Rehm: I know that tomorrow (7/9/08) the Senate is going to consider three amendments related to that issue: immunity for telecom companies. You’re sponsoring two of them. Explain what they would do.
Senator Specter: Well, the amendments that I’m backing would require that there be a judicial determination by the district court on constitutionality. Of course, that’s already been decided by Judge Walker and the case would go to him. That standard, instead of just that the papers were an order submitted by the Department of Justice which is just the Attorney General’s unilateral statement that it’s constitutional. So my bill would require that, before there was any grant of immunity. Seems to me very hard to give retroactive immunity when most members of Congress have not been briefed and don’t know what the program is.

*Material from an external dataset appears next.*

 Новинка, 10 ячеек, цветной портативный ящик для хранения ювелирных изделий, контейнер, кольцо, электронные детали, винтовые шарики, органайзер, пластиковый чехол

A few of us have been briefed. It’s confidential, but all we have are allegations about what the telephone companies are supposed to have done. It’s not in the public domain, except on a speculative basis. Seems to me very, very hard to do that. We face a tough situation here in that the program, by all accounts, is highly effective. We don’t want to lose it. But we could keep the program and still protect constitutional rights by substituting the government as the party defendant -- in the shoes of the telephone companies. It’s pretty heavy stuff for a five-minute interview, but that’s it!

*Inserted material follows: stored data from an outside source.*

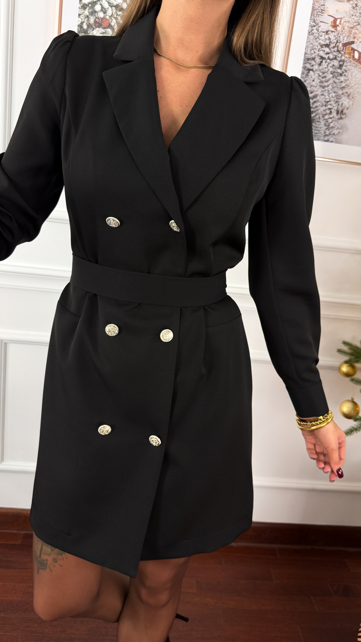 Jednolita sukienka żakietowa. Zapinana od przodu na ozdobne guziki. Dekolt w serek. Rękaw zakończony mankietem. Sprzedawana w zestawie z paskiem.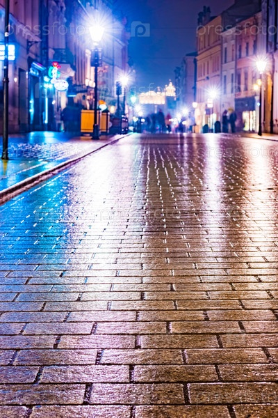 Ночная улица в Кракове, Польша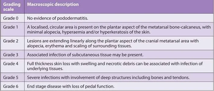 This is a scale which explains how to identify the severity of the Pododermatits.

Rehm: And you clearly believe that this important. Would you vote for this bill if your two amendments do not pass?
Senator Specter: With great reluctance I will. Only because of the superceding importance of preventing another terrorist attack. I think that’s a sentiment you see far and wide in so many of the votes taken. There is a great dislike for the vast expansion of executive authority. But when the showdown comes, the dangers from another terrorist attack are just horrifying.

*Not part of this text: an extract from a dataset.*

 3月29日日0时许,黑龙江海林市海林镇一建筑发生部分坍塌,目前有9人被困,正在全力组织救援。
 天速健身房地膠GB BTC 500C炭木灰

Rehm: All right. So suppose your amendments do pass, is it worth risking a presidential veto? Yesterday we heard the Attorney General and the Director of National Intelligence tell the Senate Majority Leader that they would recommend a veto if an amendment delaying immunity passes.
Senator Specter: I’d be more than willing to risk a presidential veto. Let him do it! That’s his constitutional authority! I don’t think the Congress ought to back off from our constitutional responsibilities. Too often a veto threat comes out of the White House and the Congress caves in. We don’t want to have a fight. Well, the Constitution was not defined to give the president supremacy. He can veto it. And then there are open questions and it’s subject to negotiation. He needs this program and I think he has to be flexible. I haven’t yet gotten a good answer from the White House as to why we should have government substituted as the party defendant. Listen: the telephone companies have been good citizens. They did what they were asked to do. But you can keep the courts open. If you don’t have the courts open, Diane, Congress has been completely ineffective in restraining executive power. I think historians will look back at this period from 9/11 to now as the greatest expansion of executive authority. The intelligence committees weren’t notified, in violation of the statute. The terrorist surveillance program was ignored. The Congress could never legislate to get that done. You have the Supreme Court ducking this issue on the Detroit decision-- which was upheld by the 6th Circuit – on grounds of lack of standing. If you read the dissenting opinion, it’s very tough stuff. There’s ample room for the Supreme Court to hear that case and decide the constitutional confrontation.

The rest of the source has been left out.